Across the street, young people in Starbucks were wearing green aprons. We couldn’t drink the iced coffee because unboiled water could be contaminated. We were already eating Pepto with breakfast, to prevent stomach upset, but were looking to avoid anything that could causes explosive problems leading to hospital visits or dehydration. The night before we sipped coffee, hot and steamy, and added sugar and cream and got napkins and plastic sticks.
It’s her though, her image, the woman in front of the roasting peanuts that I think of now. Why? What was she telling me then? She stared into the camera, not smiling or looking away, when I pointed it in her direction. Was she showing me what type of life my new daughter, Kai, who I was hours from meeting and mothering might have if she were raised in Changsha, China with her biological family? Was she showing me how those raised in an orphanage fend for themselves once on their own? Was she supposed to remind me of Kai’s biological mother?
What did those peanuts cost? I wish I had asked. We had been warned by our adoption agency not to eat food from the street. Still, I wish I had tasted them, ate more of China.
A baby, mine, was somewhere waiting. David, my spouse, was at the hotel getting a work out in to help relieve his tension. I was walking the streets in those last hours before becoming a mother not knowing it would be the last time I would walk without a child on my hip, holding my hand or on my mind. I was trying to soak in some of the scenery trying to get a sense of the place where she was from. I was listening to the sounds of cars and buses, of buildings being erected, of people talking. I wanted to swallow the air where my daughter took her first breath, to keep something of China for her, for later.
What I wanted was to know her country, her province, the place where my she is from. She being my daughter Kai, she being the birth mother, nameless. Me, what was I? A white woman, like a ghost, appearing as what to those on the steet? A thief? A baby stealer? A woman walking with a camera, going in and out shops buying baby clothes, water bottles and diapers, walking alone one day and then the next, without a big belly or leaky breasts, without a long or painful labor appearing a day later with a Chinese baby in my Snugli.

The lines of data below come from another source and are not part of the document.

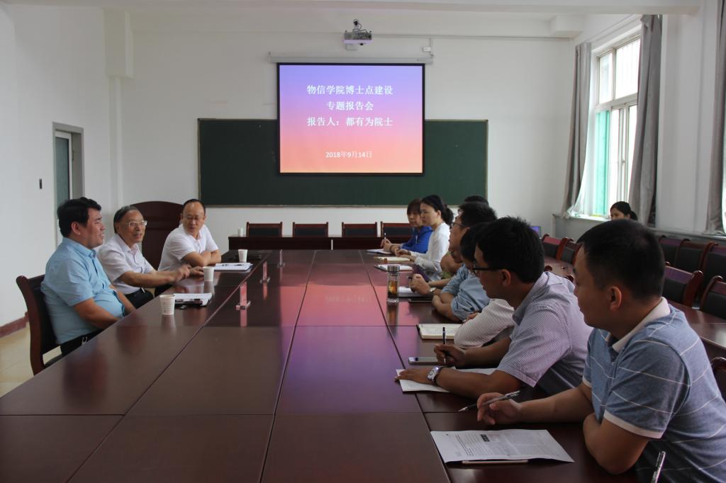 在公司建校60周年、公司建院60周年之际,为进一步推动公司物理团队建设与发展,更好地推进学位点建设工作,2018年9月14日上午,公司特邀请中国科学院院士、南京大学物理系都有为教授在四号楼二层多功能会议室举行了英国365集团公司博士点建设专题报告会,学院全体中层以上干部和教授聆听了报告。报告会由经理张进军教授主持。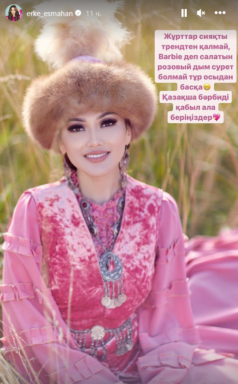"Как и все, не хочу отставать от тренда. Хотела опубликовать фото в розовом цвете, чтобы выглядеть на нем, как Барби, а других нет, кроме этого снимка. Принимайте казахскую Барби", — написала певица.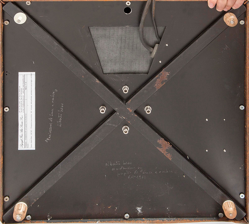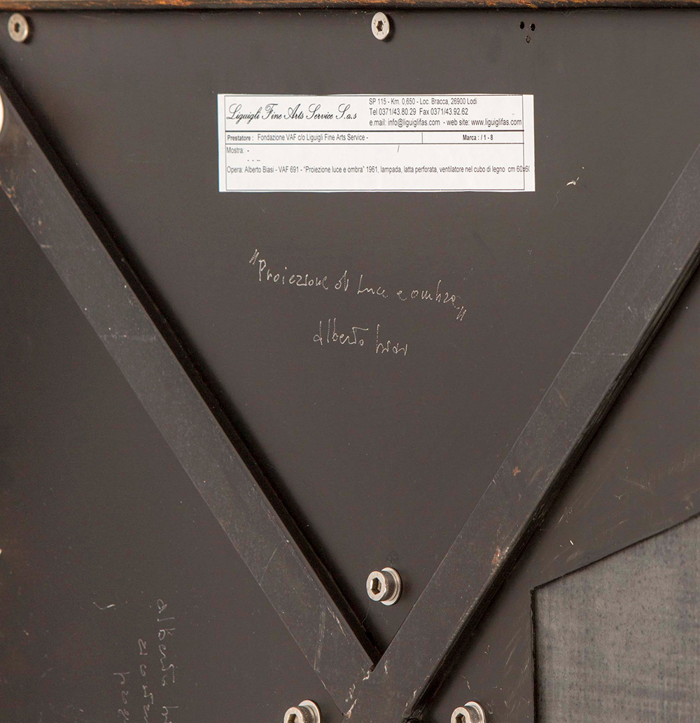 Alberto Biasi (1937), Proiezione di luce e ombra, 1961, lampada, latta perforata, ventilatore nel cubo di legno, cm 60x60x60 firmato, datato e intitolato sotto la base, Provenienza: Galleria Valmore, Vicenza Collezione VAF Stiftung, Francoforte sul Meno (n.691) Esposizione: L’Ultima Avanguardia - Arte programmata e cinetica - 1953/1963, a cura di L.Vergine, Palazzo Reale, Milano, 1983/1984 ENNE & ZERO.Motus etc, Museion, Bolzano, 1996 ENNE & ZERO.Motus etc, Palazzo della Ragione, Padova, 1996 ENNE & ZERO.Motus etc, Galleria d’Arte Moderna e Contemporanea, Repubblica di San Marino, 1996 Arte programmata e cinetica in Italia 1958-1968, a cura di M.Meneguzzo, Galleria d’arte Niccoli, Parma, 2000/2001 Arte programmata e cinetica in Italia 1958-1968, a cura di M.Meneguzzo, Galleria d’arte Niccoli, Museo d’arte, Nuoro, 2001 Luce, movimento & programmazione 1958-1968, a cura di V. Feierabend e M.Meneguzzo, dal 2001 al 2003, Ulmer Museum di Ulm (settembre-novembre 2001); Städtische Kunsthalle Museum di Mannheim (novembre 2001–febbraio 2002); Städtisches Museum di Gelsenkirchen (febbraio–aprile 2002); Stadtgalerie di Kiel (giugno–agosto 2002); Alpen-Adria-Galerie di Klagenfurt (dicembre 2002–marzo 2003) L’Occhio in Gioco - Opere tra percezione e optical, a cura di L.M.Barbero, Comune di Trissino (VI), 2003 Alberto Biasi - la concezione dinamica - percorsi recenti, a cura di G.Granzotto, Musei di San Salvatore in Lauro, Roma, 2003 La novelle révolution française et italienne des artistes latins - oeuvres de Alberto Biasi et Julio Le Parc, a cura di G.Granzotto, Maretti Arte Monaco, Montecarlo (Principato di Monaco), 2003/2004 Alberto Biasi, a cura di F.De Santi, Palazzo Ducale - Sale del Castellare, Urbino, 2004 Light art from artificial light - lichtkunst aus kunstlicht, a cura di P.Weibel e G.Jansen, ZKM - Zentrum fur Kunst und Medientechnologie, Verlag Hatje Cants, Ostfildern (Germania), 2005/2006 Alberto Biasi - Settanta, a cura di G.Barbero e G.Granzotto, Museo Nazionale di Villa Pisani, Venezia, 2007 Op Art, Schirn Kunsthalle, Frankfurt (Germania), 2007 Alberto Biasi - Kaleidoscope: Dalle trame agli assemblaggi, Museo di Palazzo Reale, Genova, 2009 Arte programmatica e cinetica da Munari a Biasi a Colombo e..., a cura di G.Granzotto e M.Margozzi, Galleria Nazionale d’Arte Moderna, Roma, 2012 Arte cinetica e programmata, Yamanashi Prefectural Museum of Art, Yamanashi (Japan), 2014, pag.154 Art in Europe 1945-1968. The Continent that the EU Does Not Know, a cura di E.Gillen e P.Weibel, ZKM - Zentrum fur Kunst und Medientechnologie, Karlsruhe (Germania), 2016/2017 Eye Attack, Stedelijk Museum Schiedam (Olanda), 2017 Bibliografia: Il gruppo N - la situazione dei gruppi in europa negli anni ‘60, a cura di I.Mussa, Bulzoni Editore, Roma, 1976 L’Ultima Avanguardia - Arte programmata e cinetica - 1953/1963, a cura di L.Vergine, Editore Mazzotta, Milano, 1983, pag.77

What did the Asian women who saw me think? Outside, they didn’t speak to me nor me to them. We were told not to talk politics or religion by our Chinese guide. We were told that those who knew about Americans adopting orphans supported the idea but that many did not know how many orphans there were or what became of them.
The China Center for Adoption Affairs has what is referred to as the Matching Room where piles of paper are stacked as high as file cabinets. But it is not a well-known process within the country. There is a pile of parents who have been approved to be parents. There is a pile of babies who are orphans and have been selected, by orphanages, as eligible for adoption. There are rules, regulations and chance which determine which children and adults do and do not end up in those piles. But of those that do, how are they matched?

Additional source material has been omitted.